Task prompt -
Write the data below out exactly as it stands. Do not include the pictures.
(Data section Opens)
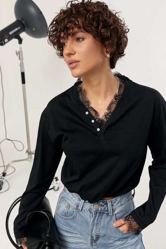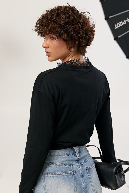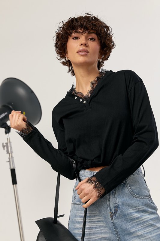 Вільний лонгслів із мереживом — поєднання комфорту та ніжної жіночності. Модель виконана з однотонного трикотажу, приємного до тіла та зручного для щоденного носіння. Вільний фасон створює розслаблений силует і добре пасує до різних типів фігури.
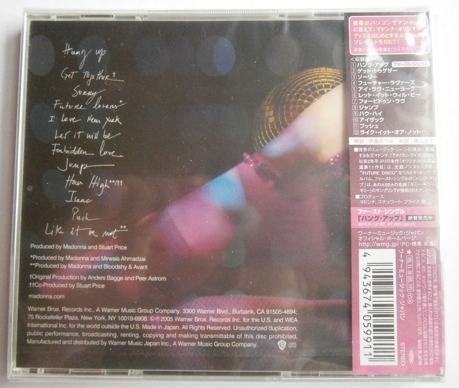 MADONNA / CONFESSIONS ON A DANCE FLOOR マドンナ / コンフェッションズ・オン・ア・ダンスフロア (CD-0398) マドンナの「コンフェッションズ・オン・ア・ダンスフロア」は2005年リリースの10作目のアルバム。 未使用品です。 盤区分 : CD オリジナル型番 : WPCR-12200 在庫状態 : 在庫有り ¥4,000(税込) 数量
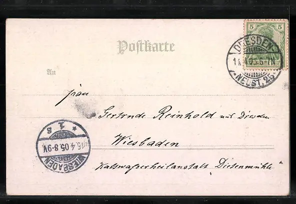 alte Ansichtskarte, gelaufen 1905, Stempelspur, guter Zustand
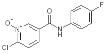 6-Chloronicotinic acid (I) was converted to the corresponding N-oxide (II) using trifluoroperacetic acid. Acid (II) was subsequently condensed with 4-fluoroaniline (III) using EEDQ as the coupling reagent to provide the target amide.
(Data section Closes)
Response -
 Вільний лонгслів із мереживом — поєднання комфорту та ніжної жіночності. Модель виконана з однотонного трикотажу, приємного до тіла та зручного для щоденного носіння. Вільний фасон створює розслаблений силует і добре пасує до різних типів фігури.
 MADONNA / CONFESSIONS ON A DANCE FLOOR マドンナ / コンフェッションズ・オン・ア・ダンスフロア (CD-0398) マドンナの「コンフェッションズ・オン・ア・ダンスフロア」は2005年リリースの10作目のアルバム。 未使用品です。 盤区分 : CD オリジナル型番 : WPCR-12200 在庫状態 : 在庫有り ¥4,000(税込) 数量
 alte Ansichtskarte, gelaufen 1905, Stempelspur, guter Zustand
 6-Chloronicotinic acid (I) was converted to the corresponding N-oxide (II) using trifluoroperacetic acid. Acid (II) was subsequently condensed with 4-fluoroaniline (III) using EEDQ as the coupling reagent to provide the target amide.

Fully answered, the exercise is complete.